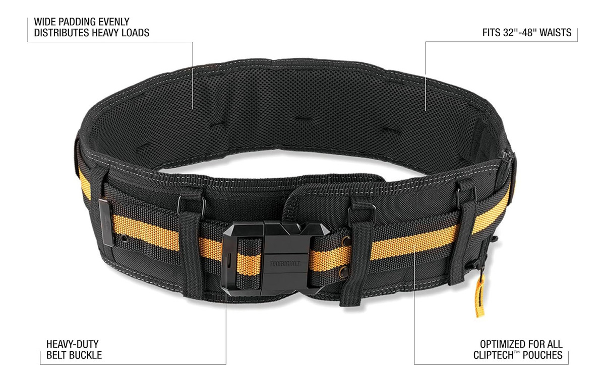 Este cinturón para bolsas porta herramientas Liniero Toughbuilt es el complemento perfecto para los profesionales que necesitan tener sus herramientas siempre a mano. Con su diseño resistente y duradero, este cinturón garantiza la seguridad y comodidad necesarias para llevar todas tus herramientas de trabajo de manera organizada.
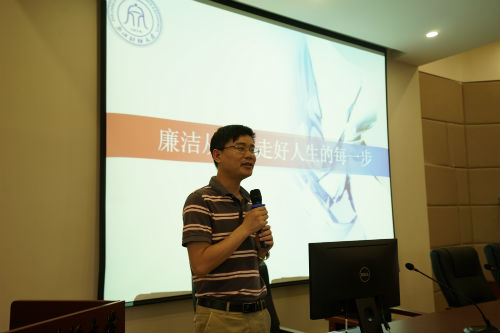 最后,团委书记陆建良以“廉洁从业,走好人生每一步”为主题,从预防职务犯罪须知、职务犯罪案例、职务犯罪心理分析为即将踏上就业岗位的毕业生党员敲响警 钟,并从把住“七道关口”、算好“七笔大账”,管住“七个部位”三方面给大家提出预防职务犯罪的建议,并坚定的表示“相信大家会成为一名合格的会计,一位优秀的员工!”(文:徐珊、徐也晴 摄影:洪涛 审稿:唐海艳)
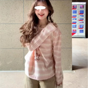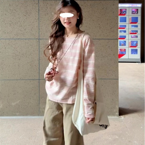 粉色条纹针织圆领长袖T恤女新款2025早秋穿搭韩系慵懒松弛感上衣
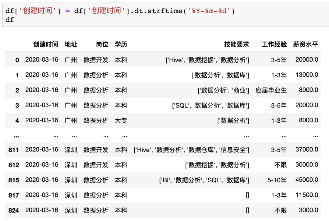 在Pandas中没有一个固定修改格式的方法,不同的数据格式有着不同的修改方法,比如类似Excel中将创建时间修改为年-月-日可以使用df['创建时间'] = df['创建时间'].dt.strftime('%Y-%m-%d')
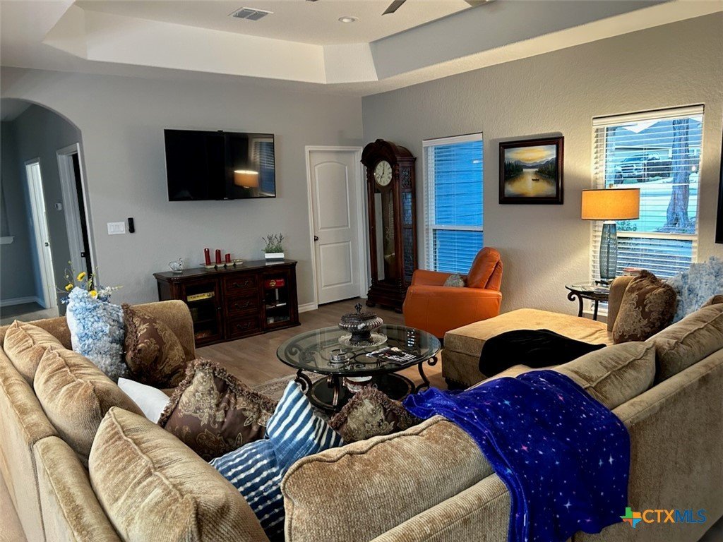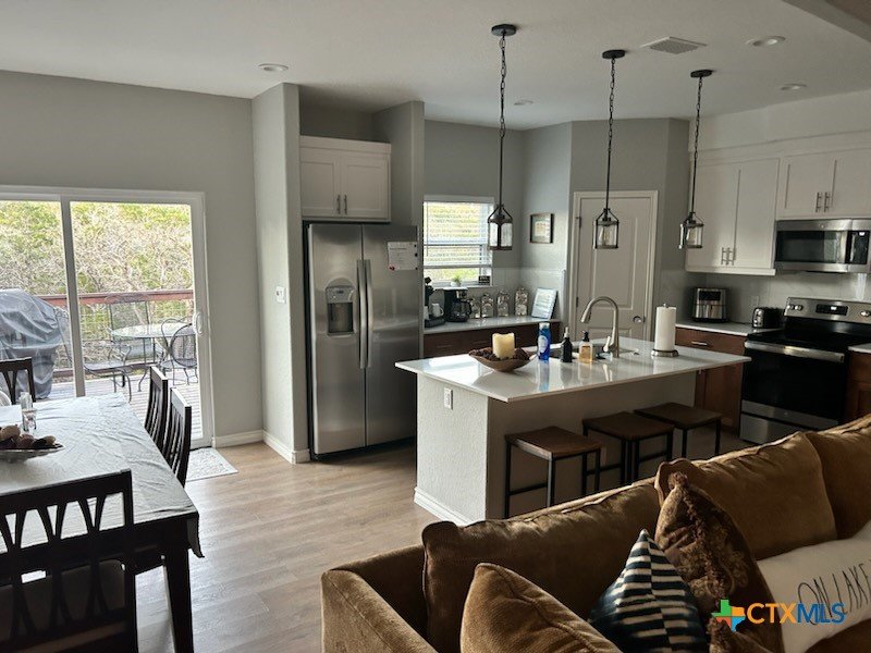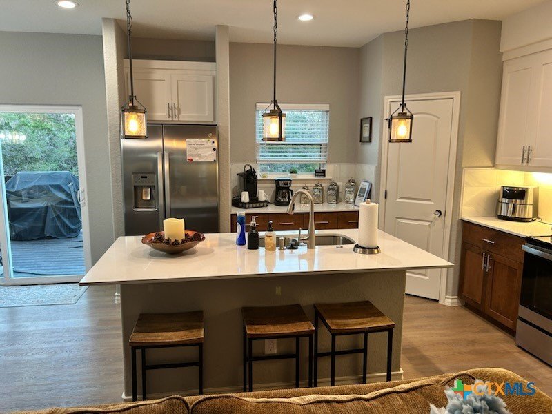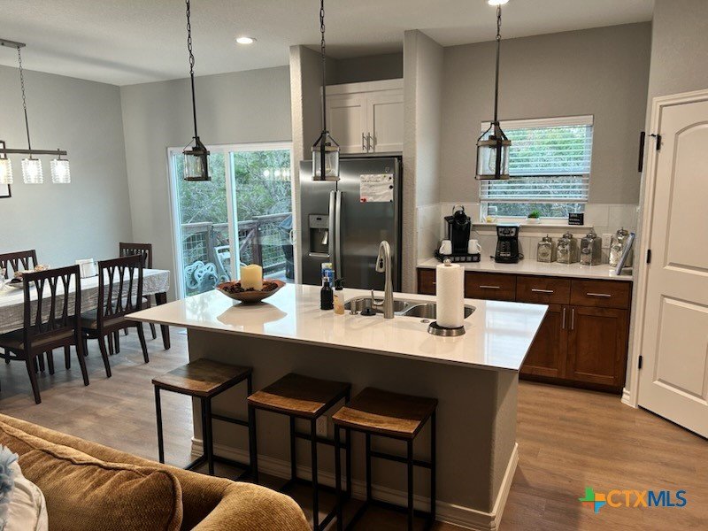 Modern Hill Country living in Canyon Lake Estates! This 2023-built home offers 1,755 sq ft of open-concept design with 3 bedrooms, 2.5 bathrooms, stylish tile flooring, and a raised foundation backed by an active builder warranty. Blown-in insulation adds energy efficiency throughout. Enjoy peaceful views from the elevated balcony, perfect for outdoor relaxation. Located on a spacious 10,275 sq ft lot just minutes from Canyon Lake and scenic hiking trails. Zoned to Comal ISD and move-in ready!
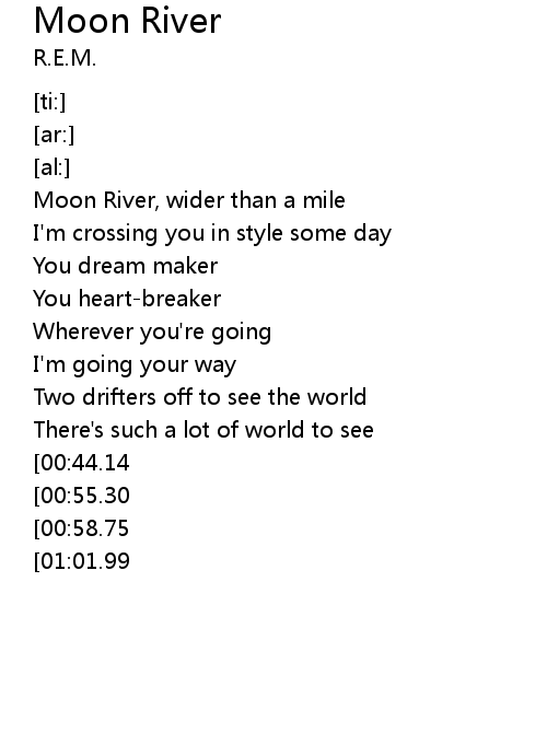 | [00:03.89] | Moon River, wider than a mile |
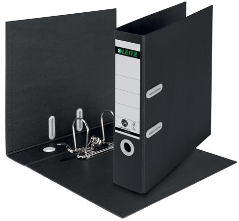Iratrendező, 80 mm, A4, karton, újrahasznosított, LEITZ "180 Recycle", fekete
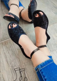 پاپوش زنانه جلو باز بندی کفی چرم سایز۳۶.۳۷.۳۸
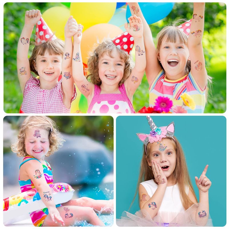 - 【Girls Party Favors】 The colors come out looking very vibrant and the tattoos look very detailed and clear on the skin. Temporary tattoos are an ideal choice for kids' party supplies, kids' birthdays, party favors, birthday party decorations, party games, and more events.
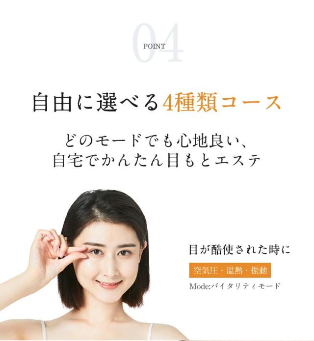 バイタリティモード・リラックスモード・スージングモード・アイケアモードの4つモードが搭載しているアイマッサージャーです。さまざまな目元ケアニーズに応じて選択できます。
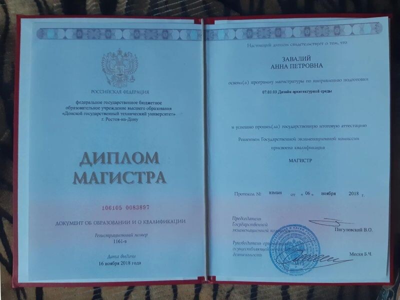 - Донской государственный технический университет, программа «Дизайн архитектурной среды», магистр, 2018 г.
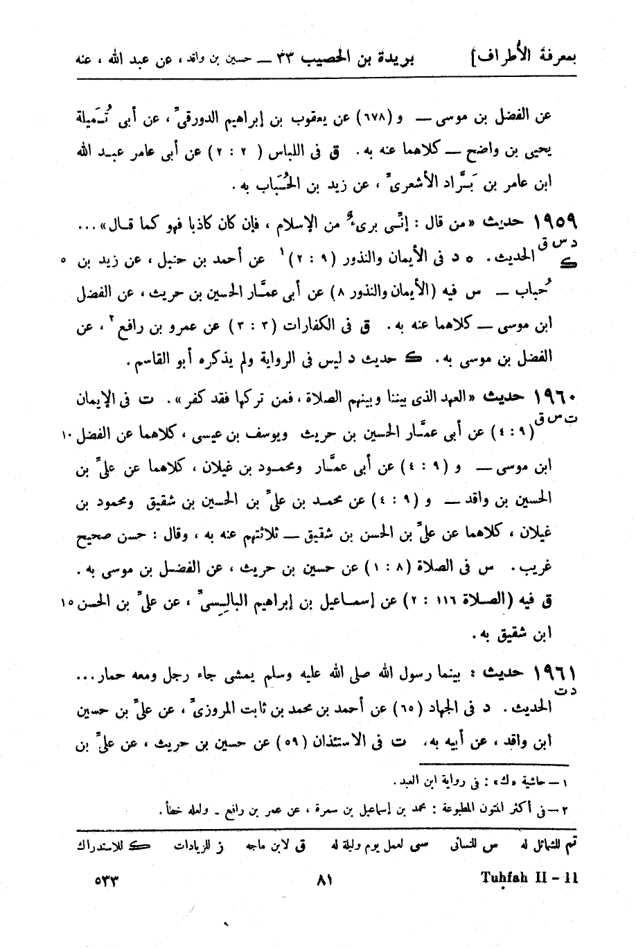 1960 -[ت س ق] حديث العهد الذي بيننا وبينهم الصلاة، فمن تركها فقد كفر. ت في الإيمان (9: 4) عن أبي عمار الحسين بن حريث ويوسف بن عيسى، كلاهما عن الفضل بن موسى - و (9: 4) عن أبي عمار ومحمود بن غيلان، كلاهما عن علي بن الحسين بن واقد - و (9: 4) عن محمد بن علي بن الحسين بن شقيق ومحمود بن غيلان، كلاهما عن علي بن الحسن بن شقيق - ثلاثتهم عنه به. وقال: حسن صحيح غريب. س في الصلاة (8: 1) عن حسين بن حريث، عن الفضل بن موسى به، ق فيه (الصلاة 116: 2) عن إسماعيل بن إبراهيم البالسي، عن علي بن الحسن بن شقيق به.
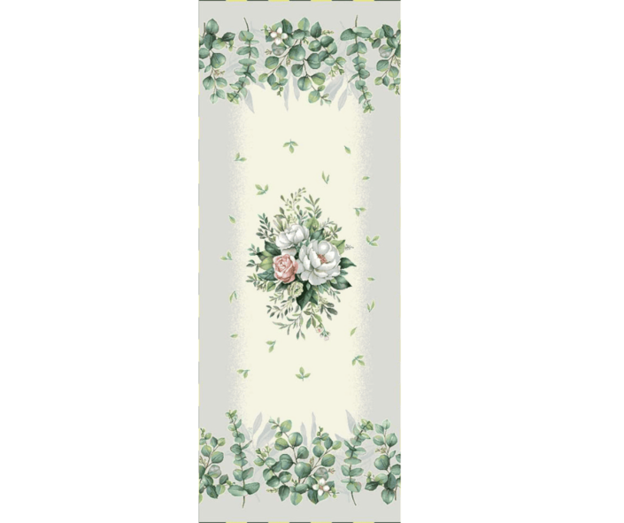 Внесете свежест и елегантност във вашия дом с този тишлайфер за маса с флорални мотиви на евкалипт и божури. Дизайнът се отличава с изящна централна композиция от бели и розови божури, обградени от деликатни евкалиптови клонки, а в краищата – плътна украса от свежа зеленина. Падналите листенца по целия десен създават усещане за движение и природна лекота. Фонът е светъл с фина преливка, която придава мекота и въздушност на визията.
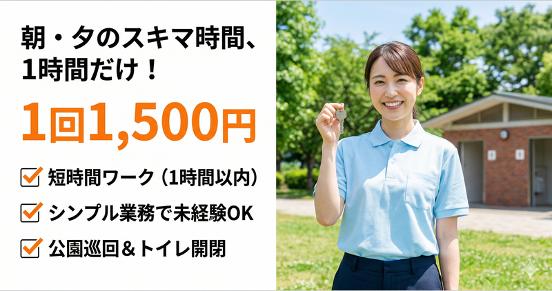 仕事内容 【ここがポイント!】 ✅ 1回1時間以内の短時間ワークで無理なく働ける ✅ 朝・夕のスキマ時間を有効活用できる ✅ シンプル業務で未経験でも安心スタート ✅ 体への負担が少なく長く続けやすい ✅ 1回1,500円(交通費込み)で効率よく収入確保 【仕事内容】 横浜市内の公園にて、トイレの鍵の開閉と簡単な巡回業務をお任せします。 決まった時間に訪問し、ルーティン作業を行うシンプルなお仕事です。 <主な業務> ・公園内トイレの開錠・施錠 ・トイレ周辺の簡単な巡回確認 ・異常や破損の有無チェック ・不審物や危険箇所の確認 ・利用状況の簡単な確認 ・必要に応じた報告業務 【1日の流れ】 ・指定時間に現地へ直行 ・トイレの開錠または施錠作業 ・周辺の簡単な巡回・確認 ・異常がないかチェック ・必要事項を報告 ・業務終了後はそのまま直帰 【入社後の流れ】 最初は作業手順や巡回ルートについて丁寧にレクチャーします。 業務内容はシンプルなため、未経験の方でもすぐに慣れていただけます。
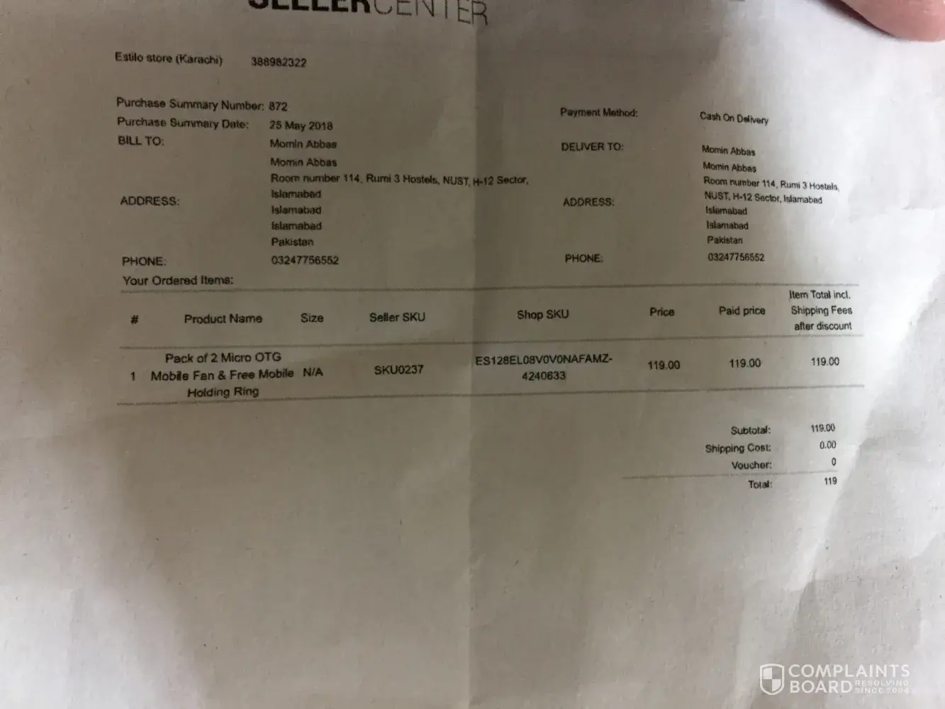 complaints against my order [protected]
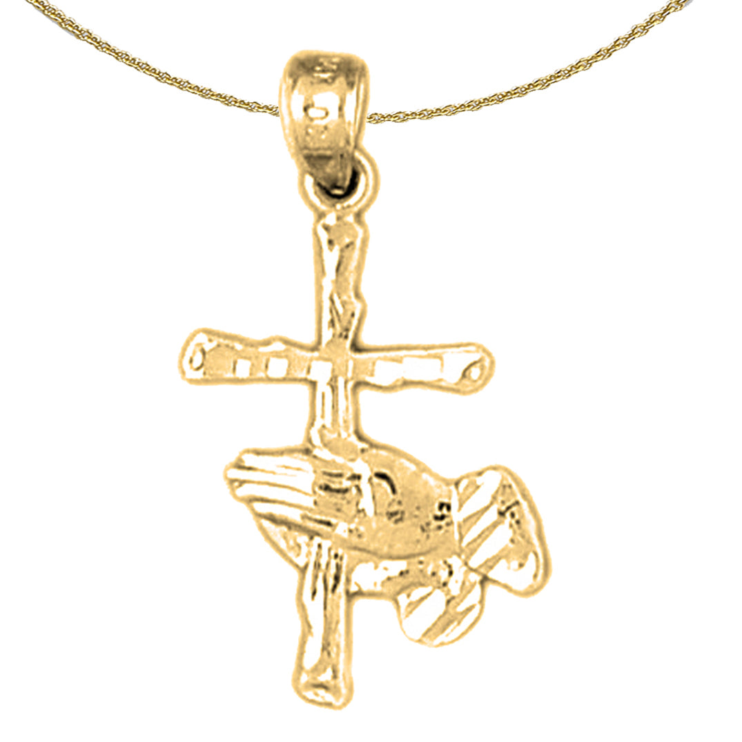 14K oder 18K Gold Anhänger „Betende Hände & Kreuz“
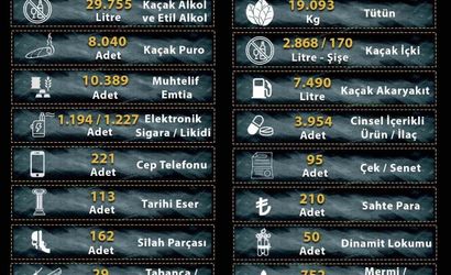 Silah, patlayıcı ve diğer kaçak eşyalar: 29 adet ruhsatsız tabanca ve av tüfeği, 162 silah parçası, 752 mermi, 50 adet dinamit lokumu, 113 adet tarihi eser, 221 kaçak cep telefonu, 3 bin 954 cinsel içerikli ürün, 7 bin 490 litre kaçak akaryakıt, 210 adet sahte para ile 95 adet çek ve senet.

- [Exercise prompt]
Please output the lines above beginning at the line with "Iratrendező, 80 mm, A4, karton, újrahasznosított, LEITZ" and ending after the line with "バイタリティモード・リラック", precisely as written and with no pictures.

- [Written solution]
Iratrendező, 80 mm, A4, karton, újrahasznosított, LEITZ "180 Recycle", fekete
 پاپوش زنانه جلو باز بندی کفی چرم سایز۳۶.۳۷.۳۸
 - 【Girls Party Favors】 The colors come out looking very vibrant and the tattoos look very detailed and clear on the skin. Temporary tattoos are an ideal choice for kids' party supplies, kids' birthdays, party favors, birthday party decorations, party games, and more events.
 バイタリティモード・リラックスモード・スージングモード・アイケアモードの4つモードが搭載しているアイマッサージャーです。さまざまな目元ケアニーズに応じて選択できます。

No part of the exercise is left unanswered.